Address
- 155 Oriente Street Daly City, California, 94014 United States

District information
- Type: Public
- Grades: K–8
- NCES District ID: 0604200

Students and staff
- Students: 361
- Teachers: 18.4 (FTE)
- Staff: 29.2
- Student–teacher ratio: 19.62

Other information
- Website: www.thebayshoreschool.org

= Bayshore Elementary School District =

School district in California, United States

Bayshore Elementary School District is a small school district located in the northeastern corner of San Mateo County, California, United States, consisting of one PreK-8 school, Bayshore Elementary. The school district is located in the former town of Bayshore, which disincorporated and was later annexed to the city of Daly City.
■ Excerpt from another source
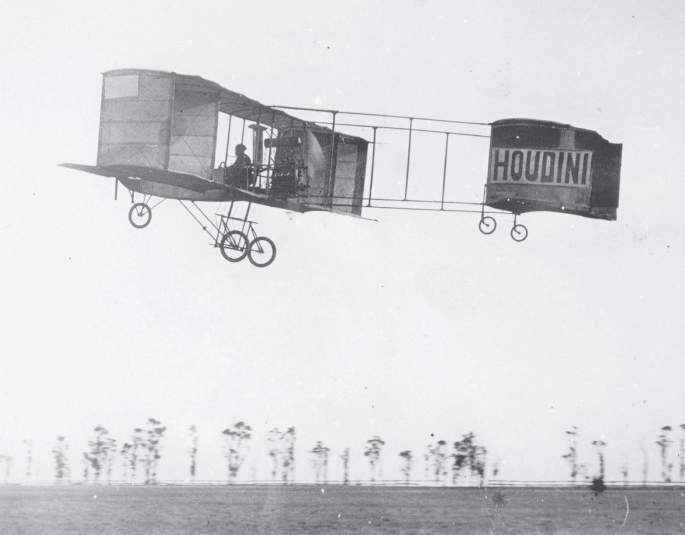 In March 1910, he experienced an epiphany when he witnessed Australia’s first aeroplane fl ights. They were made by the famous escapologist Harry Houdini over dry grassland at Diggers Rest, twenty miles outside

The unincorporated Bayshore Sanitary District of San Mateo County was annexed to Daly City in the early 1960s. At the time there were three public schools in the area:
- Bayshore Elementary School K-4
- Midway Village School K-2 in the Naval Housing Project (closed in 1989)
- Garnet Robertson Intermediate School 3–8 (It is closed)

Until 2017 the Bayshore Elementary School served 375 students in grades TK-4 and Robertson Intermediate served students in grades 5–8. Robertson Intermediate closed at the end of the 2016–2017 school year and the students were moved to Bayshore's campus.

The district does not serve high school students, as it is part of the larger Jefferson Union High School District (JUHSD), which serves the cities of Daly City, Brisbane, Pacifica, and the town of Colma.